Lompat ke konten Lompat ke sidebar Lompat ke footer

Memilih Presiden, bertanyalah pada Ulama

google
Oleh Teuku Zulkhairi
 
Sesungguhnya, sebagai umat Islam hari ini kita berharap agar pemimpin kita memenuhi kriteria kepemimpinan yang digambarkan Islam, misalnya  beriman dan beramal shaleh, memiliki niat yang lurus, tidak meminta jabatan, berpegang teguh pada hukum Allah Swt, memutuskan perkara secara adil, tegas, menasehati rakyat, lemah lembut dan sebagainya.

Selain itu, kita juga berharap idealnya pemimpin atau calon pemimpin kita memiliki sifat-sifat yang wajib pada hak Rasul, yaitu:  Pertama, Siddiq atau benar, baik perkataan maupun perbuatannya, tidak ingkar janji atau menepati janjinya. Kedua, amanah atau terpercaya, bukan pendusta atau pembohong.  

Ketiga,  tabligh atau  menyampaikan, yakni senantisa menyampaikan setiap pesan-pesan kebenaran yang datang dari Allah dan RasulNya. Keempat, Fatanah atau cerdas, seorang pemimpin harus cerdas dalam membaca berbagai persoalan kebangsaan.  Kita semua berharap pemimpin secara ideal, namun harapan seperti itu tidak jarang berbenturan dengan fakta-fakta dan kondisi di lapangan.

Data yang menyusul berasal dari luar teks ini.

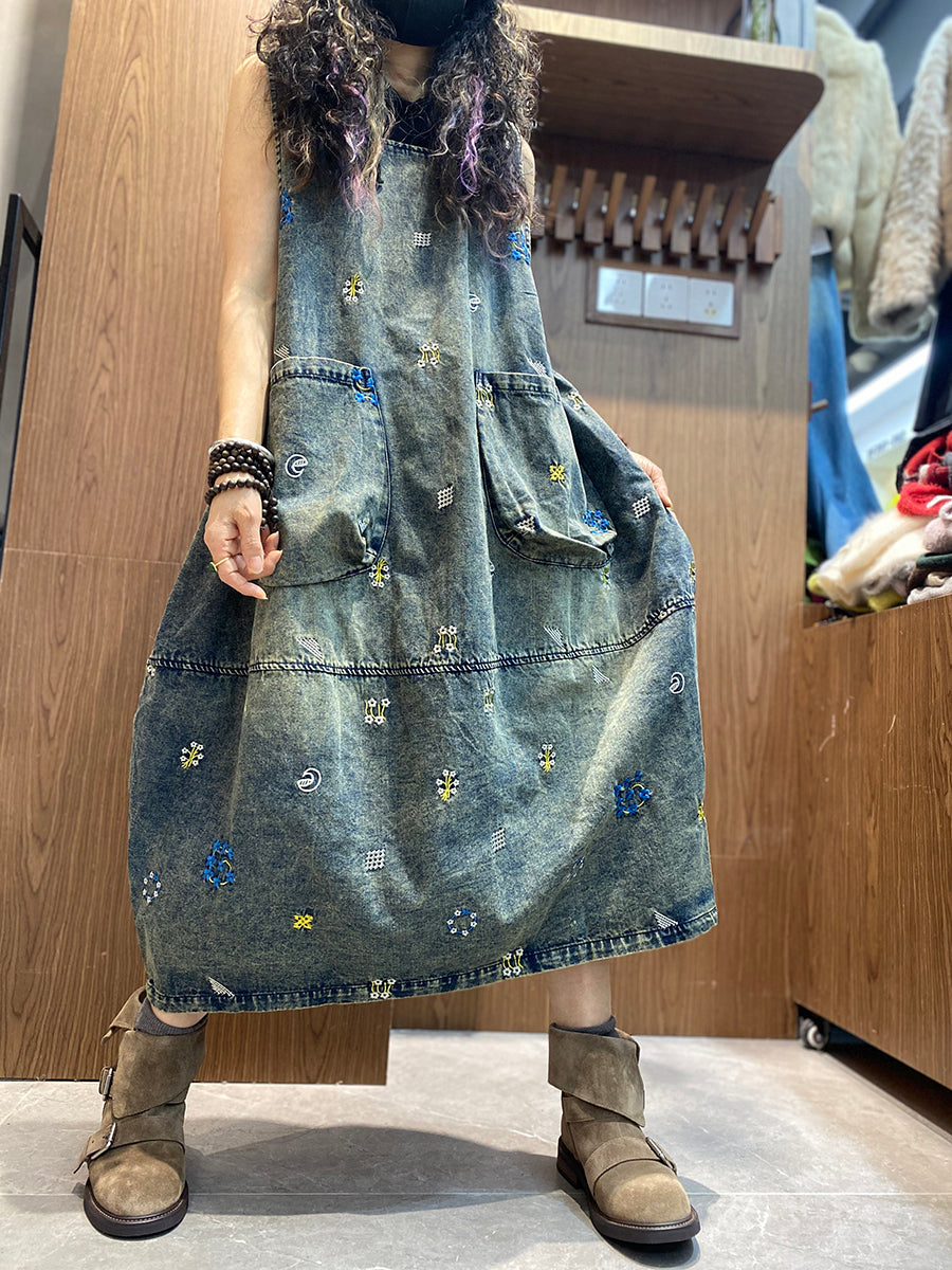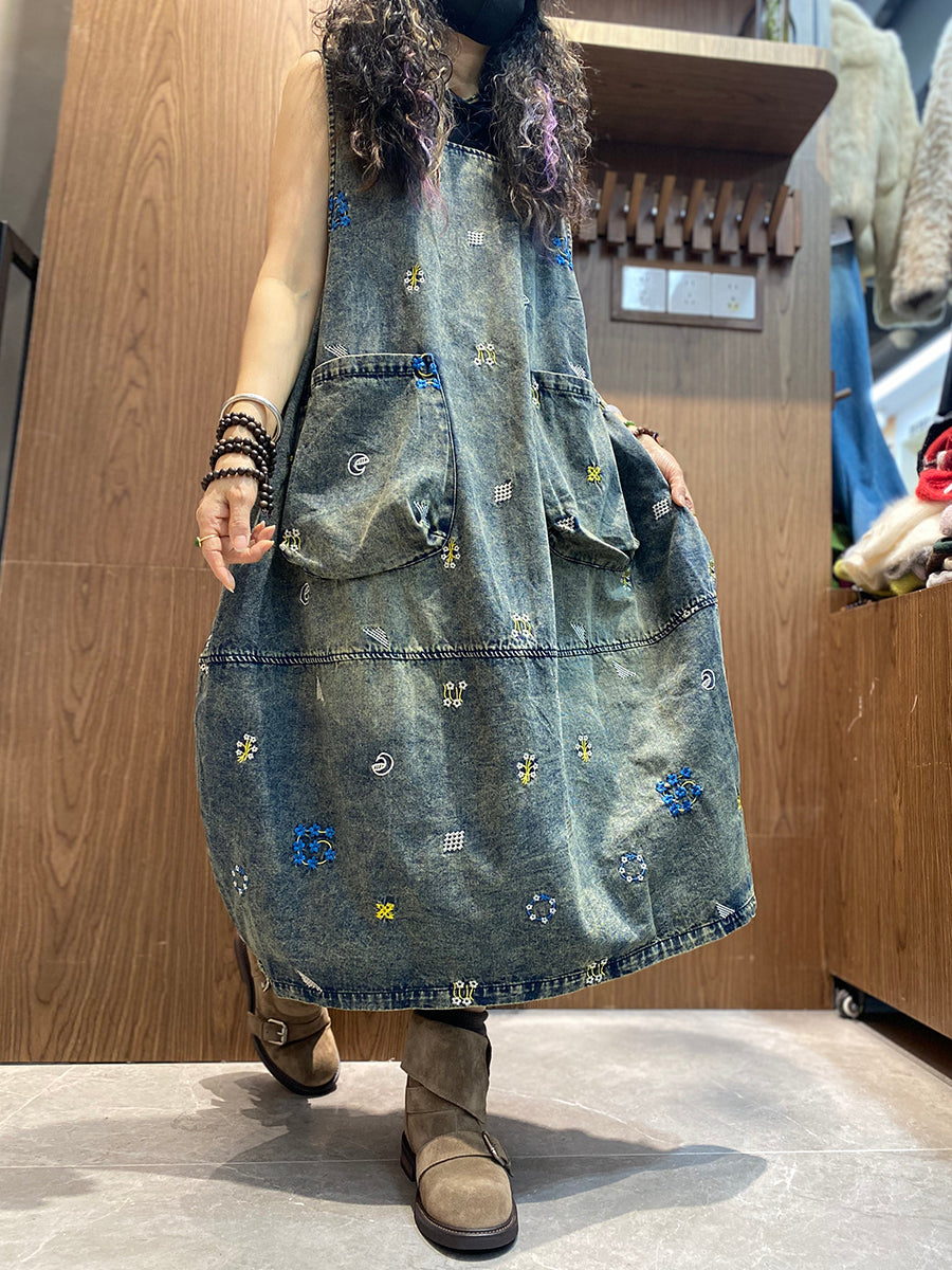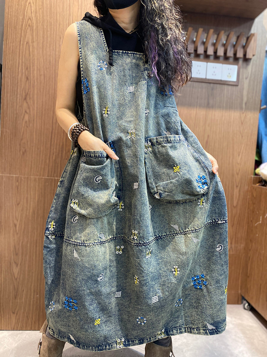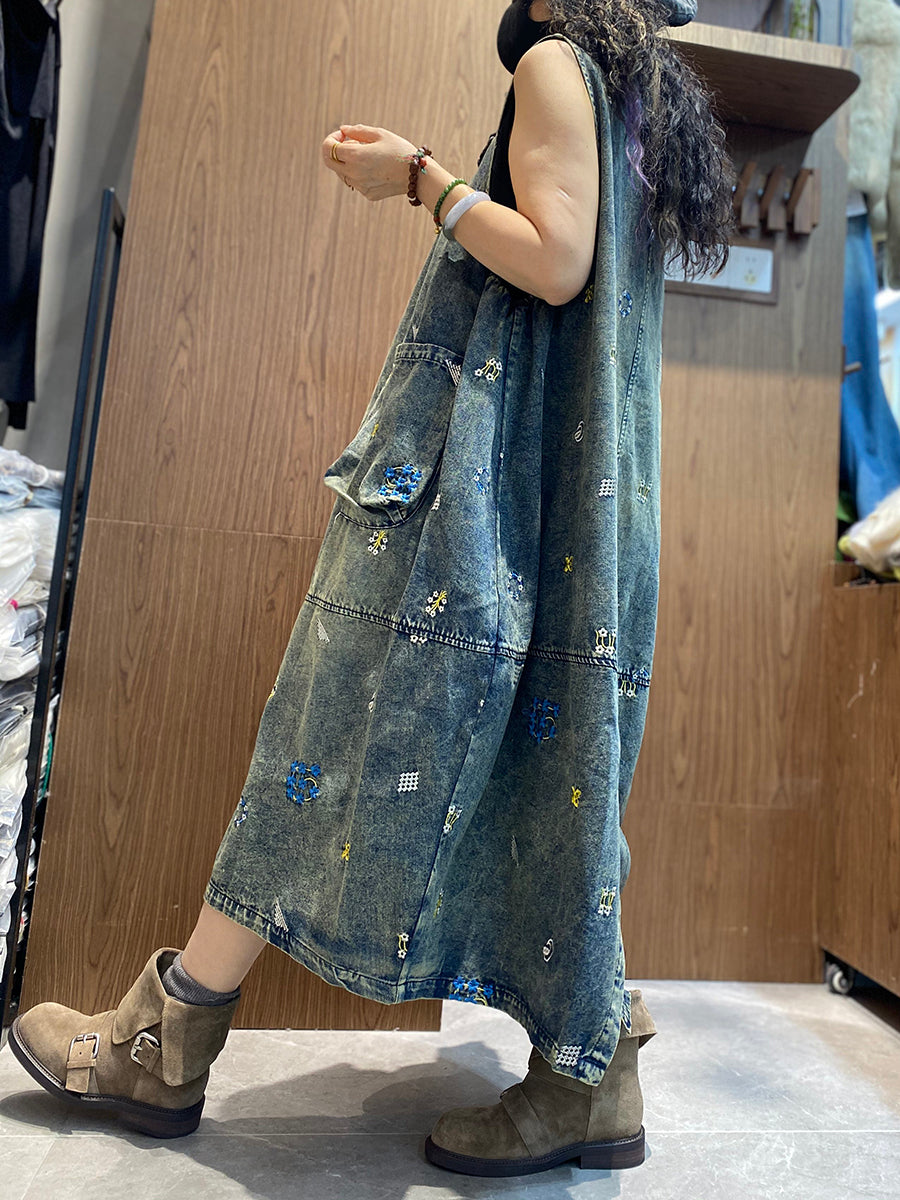 Vorkjóll fyrir konur með blómaútsaumi í retro-stíl

Kita sadar bahwa dewasa ini sungguh sulit bagi kita untuk menemukan kriteria pemimpin seperti yang kita bahas di atas. Sulit di sini bukan berarti tidak ada, hanya mereka masih belum begitu dikenal publik disebabkan kurangnya publikasi tentang mereka. 

Apalagi, seperti yang kita tahu, media massa dunia saat ini, tidak terkecuali di Indonesia, dikuasai oleh korporasi-korporasi global yang tidak jarang menunjukkan kebenciannya pada Islam dan kaum muslimin sehingga sangat sulit berharap mereka akan memunculkan sosok pemimpin sesuai dengan kriteria Islam.

Kendati demikian, kita bisa melihat calon pemimpin yang mana yang memiliki beberapa kriteria itu. Misalnya, di antara dua orang calon pemimpin, siapa di antara keduanya yang paling banyak berdusta atau ingkar janji? Sebab, sebagai umat Islam kita diajarkan bahwa salah satu ciri-ciri munafik itu adalah ingkar janji. Jadi, tidak pantas kita dipimpin oleh seorang seorang yang padanya terdapat ciri-ciri sebagai munafik.

Selain itu, sebuah kaidah fikh mengajarkan kita, “Apabila terdapat dua kemudharatan, maka ambillah kemudharatan yang paling ringan”.  Dalam konteks kepemimpin, khususnya dalam momentum Pilpres, kaidah ini mengajarkan kita bahwa meskipun kita belum memiliki calon pemimpin yang ideal sesuai dengan kriteria Islam, namun  kita tetap  bisa memilih pemimpin yang paling sedikit mudharatnya untuk bangsa dan agama kita. 

Lalu di antara calon pemimpin yang sudah ada saat ini, calon pemimpin mana yang paling sedikit mudharatnya? Gunakan mata hati kita dan seluruh nalar kritis kita untuk menilai para calon pemimpin kita. 

Setelah itu, bertanyalah kepada ulama karena merekalah yang paling paham persoalan agama. Mintalah petunjuk mereka, itupun jika memang kita masih menghormati ulama. Para ulama adalah ahluzikri dalam persoalan memilih pemimpin yang sesuai dengan kriteria Islam.  Insya Allah, ulama akan mengarahkan dan meyakinkan kita untuk menentukan pilihan terbaik dalam memilih calon Presiden dan Wakil Presiden kita.  Wallahu a’lam bishshawab.